# PostgreSQL Tutorial: ROLLUP

August 3, 2023

Summary: in this tutorial, you will learn how to use the PostgreSQL `ROLLUP` to generate multiple grouping sets.

## Introduction to the PostgreSQL `ROLLUP`

The PostgreSQL `ROLLUP` is a subclause of the `GROUP BY` clause that offers a shorthand for defining multiple grouping sets. A grouping set is a set of columns by which you group. Check out the grouping sets tutorial for the detailed information.

Different from the `CUBE` subclause, `ROLLUP` does not generate all possible grouping sets based on the specified columns. It just makes a subset of those.

The `ROLLUP` assumes a hierarchy among the input columns and generates all grouping sets that make sense considering the hierarchy. This is the reason why `ROLLUP` is often used to generate the subtotals and the grand total for reports.

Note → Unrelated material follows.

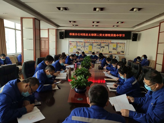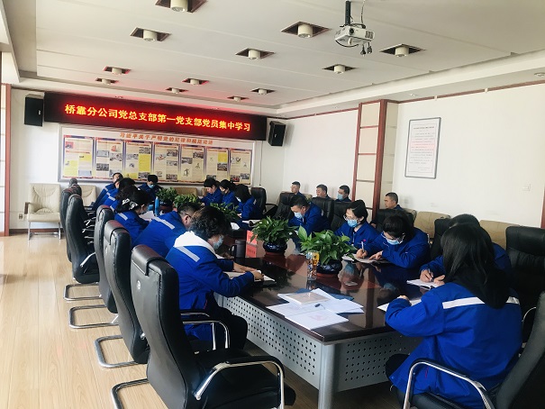 4月22日,桥靠分公司党总支部组织第一、第二党支部共56人在三楼会议室分上下午不同时间段集中学习。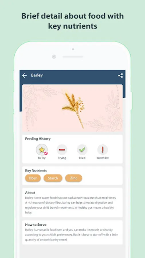 The app contains all the basic foods that are really nutritious and easily available. The app also contains detail about the food, key nutrients in it, and how to serve it to the baby ideas. You can also add your food with some notes. You can search foods by age of baby and categories like allergen, go for organic, and iron-rich. You can share food detail with your friends or family.

For example, the `CUBE (c1,c2,c3)` makes all eight possible grouping sets:

``````(c1, c2, c3)
(c1, c2)
(c2, c3)
(c1,c3)
(c1)
(c2)
(c3)
()
``````

However, the `ROLLUP(c1,c2,c3)` generates only four grouping sets, assuming the hierarchy `c1 > c2 > c3` as follows:

``````(c1, c2, c3)
(c1, c2)
(c1)
()
``````

A common use of `ROLLUP` is to calculate the aggregations of data by year, month, and date, considering the hierarchy `year > month > date`

The following illustrates the syntax of the PostgreSQL `ROLLUP`:

``````SELECT
c1,
c2,
c3,
aggregate(c4)
FROM
table_name
GROUP BY
ROLLUP (c1, c2, c3);
``````

It is also possible to do a partial roll up to reduce the number of subtotals generated.

``````SELECT
c1,
c2,
c3,
aggregate(c4)
FROM
table_name
GROUP BY
c1,
ROLLUP (c2, c3);
``````

## PostgreSQL `ROLLUP` examples

If you haven’t create the sales table, you can use the following script:

``````DROP TABLE IF EXISTS sales;
CREATE TABLE sales (
brand VARCHAR NOT NULL,
segment VARCHAR NOT NULL,
quantity INT NOT NULL,
PRIMARY KEY (brand, segment)
);

INSERT INTO sales (brand, segment, quantity)
VALUES
('ABC', 'Basic', 200),
('XYZ', 'Basic', 300);
``````

The following query uses the `ROLLUP` clause to find the number of products sold by brand (subtotal) and by all brands and segments (total).

``````SELECT
brand,
segment,
SUM (quantity)
FROM
sales
GROUP BY
ROLLUP (brand, segment)
ORDER BY
brand,
segment;
``````

As you can see clearly from the output, the third row shows the sales of the `ABC` brand, the sixth row displays sales of the the `XYZ` brand. The last row shows the grand total for all brands and segments. In this example, the hierarchy is `brand > segment`.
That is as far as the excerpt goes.